Les « sans » donnent de la voix dans « Siné Mensuel »

A la veille d’une élection présidentielle qui oublie pour l’instant tous les sujets de fond, Siné Mensuel livre, en ce mois de mars, un numéro spécial donnant la parole à tous les sans-voix. Un numéro qui n’en oublie pas pour autant aussi les dessins. Tout aussi retentissants parfois.

Configuration un peu particulière, donc, pour cet opus n°62 du mensuel fondé par Siné et qui entend bien toujours pousser son coup de gueule, à l’image du dessin de couv’ signé Faujour.
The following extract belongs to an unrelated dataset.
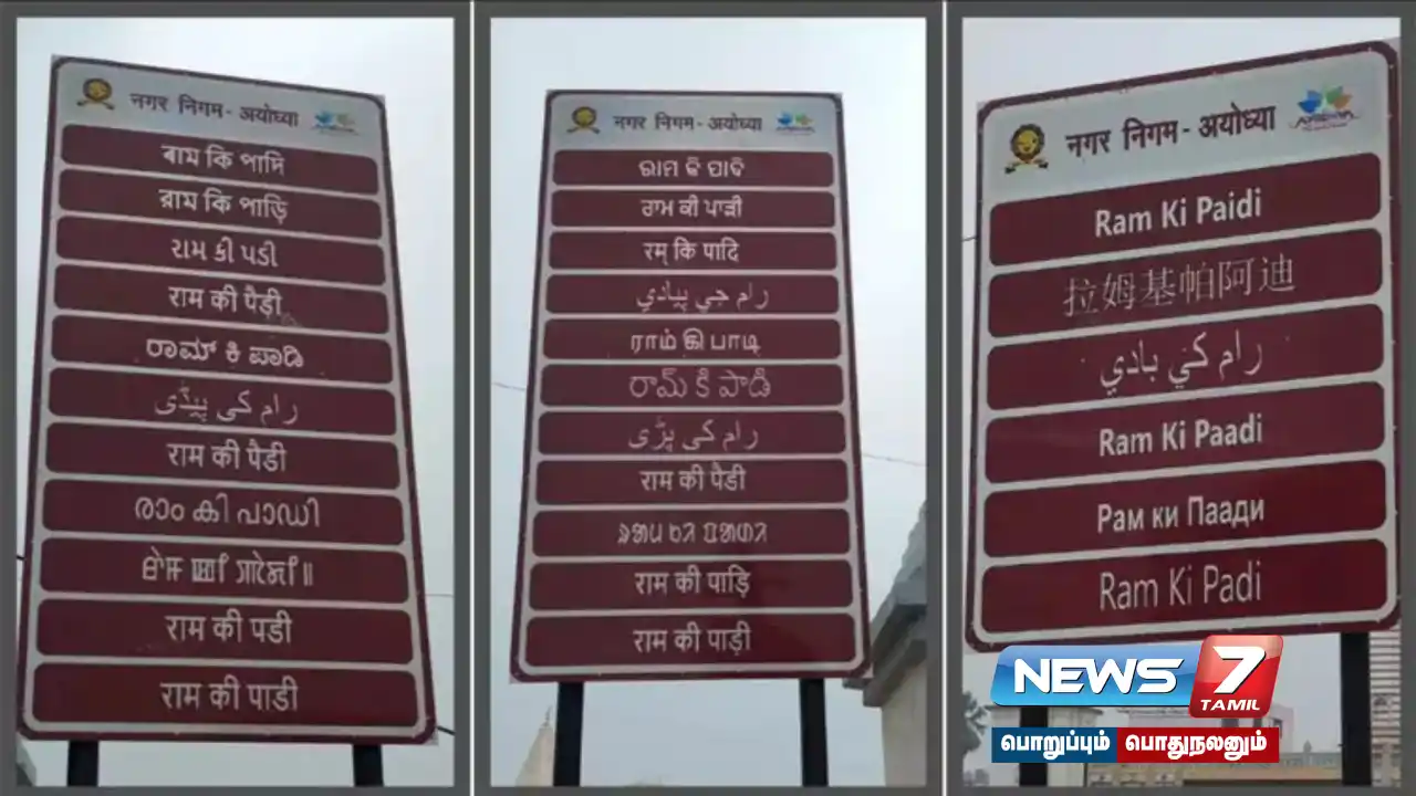இந்நிலையில், பல்வேறு மாநிலங்கள் மற்றும் நாடுகளில் இருந்து மக்கள் அயோத்தி ராமர் கோயிலில் சாமி தரிசனம் செய்ய வருவார்கள் என எதிர்பார்க்கப்படுகிறது. இதனால் அவர்கள் வசதிக்கு ஏற்ப 28 மொழிகளில் பெயர் பலகையை அயோத்தி மாவட்ட நிர்வாகம் வைத்துள்ளனர். இந்த பலகையில் 28 மொழிகளில் – 22 இந்திய மற்றும் 6 வெளிநாட்டு மொழிகளில் இருக்கும் என தெரிவித்துள்ளனர்.

Outre l’illustration des différents témoignages de de prof, d’ouvrier, de chômeur, d’infirmière, d’étudiant, d’intérimaire et autres « sans-voix » qui occupent la plus grande part des pages du journal, la bande d’illustrateurs de l’équipe fait dans le « micro-comptoir ». Faujour dissout la primaire du PS dans un bar du nord Finistère, Lindingre se met en scène avec son héroïne Titine en immersion au « café des amis », Carali abandonne temporairement sa chronique autobiographique pour évoquer, avec finesse, le paradoxe de la prise du pouvoir. Et c’est Berth qui fait dans le témoignage personnel en contant une rencontre marquante avec un « SDF ».
Enfin, Rémi Malingrëy lâche son univers surréaliste pour mettre en scène les propos d’une infirmière en pédiatrie. Un témoignage fort et marquant. Tout comme le dessin de Lie, qui illustre bien un article de Thierry Leclère sur le méconnu mémorial des civils victimes de guerre de Falaise, en Normandie…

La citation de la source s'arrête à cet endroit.